Chlorophyta
A great range of somatic differentiation occurs within the Chlorophyta, ranging from flagellates to
complex multicellular thalli differentiated into macroscopic organs. The different level of thallus
organization (unicellular, colonial, filamentous, siphonous, and parenchimatous) have traditionally
served as the basis of classification of this division. Prasinophyceae are unicellular motile algae
covered on their cell body and flagella by non-mineralized organic scales (Figure 1.41). The
class Chlorophyceae comprises flagellated cells even naked or covered by a cell wall termed
theca (Figure 1.42). All Ulvophyceae known to date are sessile organisms having walled vegetative
cells. Except for a small group of species, the thalli are usually multicellular or coenocytic during at
least some part of the life history.
Many species have microscopic, filamentous thalli, but most are
macroscopic seaweeds, capable of considerable morphological differentiation (Figure 1.22). Cladophorophyceae
take the form of branched or unbranched filaments of multinucleate cells with
periodic cross walls. The organization of the thallus in the class of Briopsidophyceae
is always syphonous; syphonous thalli can combine to form fairly complex tissues (Figure 1.43).
The Zygnematophyceae species are either coccoids or filamentous. In all the Trentepohliophyceae
the thalli consist of branched or unbranched filaments with uninucleate cells (Figure 1.44).
FIGURE 1.22 Life cycle of Ulva sp.: 1, sporophyte; 2, male zoospore; 2', female zoospore; 3, young male gametophyte; 3', young female gametophyte; 4, male gametophyte; 4', female gametophyte; 5, male gamete; 5', female gamete; 6–8, syngamy; 9, young sporophyte. R!, meiosis.
FIGURE 1.41 Unicell of Pyramimonas longicauda
FIGURE 1.42 Filament of Oedogonium sp., with a Peranema sp. cell. (Bar: 20 mm.)
FIGURE 1.43 Thallus of Codium sp. (Bar: 2 cm.)
FIGURE 1.44 Thallus of Trentepohlia arborum.
Klebsormidiophyceae have coccoid and branched or unbranched filamentous forms
(Figure 1.45). Charophyceae have macroscopic thalli, which exhibit the characteristic of both the
filamentous and syphonous levels of organization (Figure 1.46). Dasycladophyceae have syphonous
thalli in many species encrusted with calcium carbonate (Figure 1.47). Chlorophytes show
a wide diversity in the number and arrangements of flagella associated with individual cells (one
or up to eight in the apical or subapical region). Flagellated cells are isokont, which means the flagella
are similar in structure, but could differ in length. These algae are ubiquitous in freshwater,
marine, and terrestrial habitats. Chlorophyta possess chlorophylls
a and
b, β- and γ-carotene,
and several xanthophylls as accessory pigments. Chloroplasts are surrounded by a two-membrane
envelope without any endoplasmic reticulum membrane. Within the chloroplasts, thylakoids are stacked to form grana.

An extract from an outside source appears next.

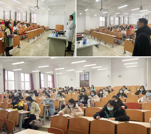 2月28日,学校春季学期第一课正式开讲。医学技术学院院长张春晶、党委副书记佡思维、副院长张浩率队深入教学一线检查开学第一天教学运行情况。

FIGURE 1.45 Filament of Klebsormidium sp.
FIGURE 1.46 Thallus of Nitella sp.
FIGURE 1.47 Portion of the thallus of Acetabularia sp.
Pyrenoids, if present, are embedded within the chloroplast and often penetrated
by thylakoids. The circular molecules of chloroplast DNA are concentrated in numerous
small blobs (1–2 µm in diameter). The most important reserve polysaccharide is starch, which
occurs as a grain inside the chloroplasts; glucan is present in the cell wall of Cladophorophyceae
and Bryopsidophyceae and β-1,4 mannan in Dasycladophyceae. Eyespot, if present, is located
inside the chloroplast, and consists of a layer of carotenoid-containing lipid droplets between the
chloroplast envelope and the outermost thylakoids. Chlorophyta are photoautotropic but can be
also heterotropic. No sexuality is known in Prasinophyceae but the genus Nephroselmis has a haplontic
life cycle. In Chlorophyceae, reproduction is usually brought about through the formation of
flagellate reproductive cells. The life cycle is haplontic. In Ulvophyceae the life cycle is haplontic,
isomorphic, and diplohaplontic. In Cladophorophyceae and Trentepohliophyceae, the life cycle of
reproductive species are diplohaplontic and isomomorphic. In Bryopsidophyceae, Klebsormidiophyceae,
Charophyceae, Zygnematophyceae, and Dasycladophyceae life cycle is haplontic. As
the advanced land plants and the “modest” Trentepohliophyceae class possess the same mechanism
of cell division, that is, using the phragmoplast disc where the cells will divide, plant evolution
researchers believe that the land plants derived directly from this fresh-water algae class.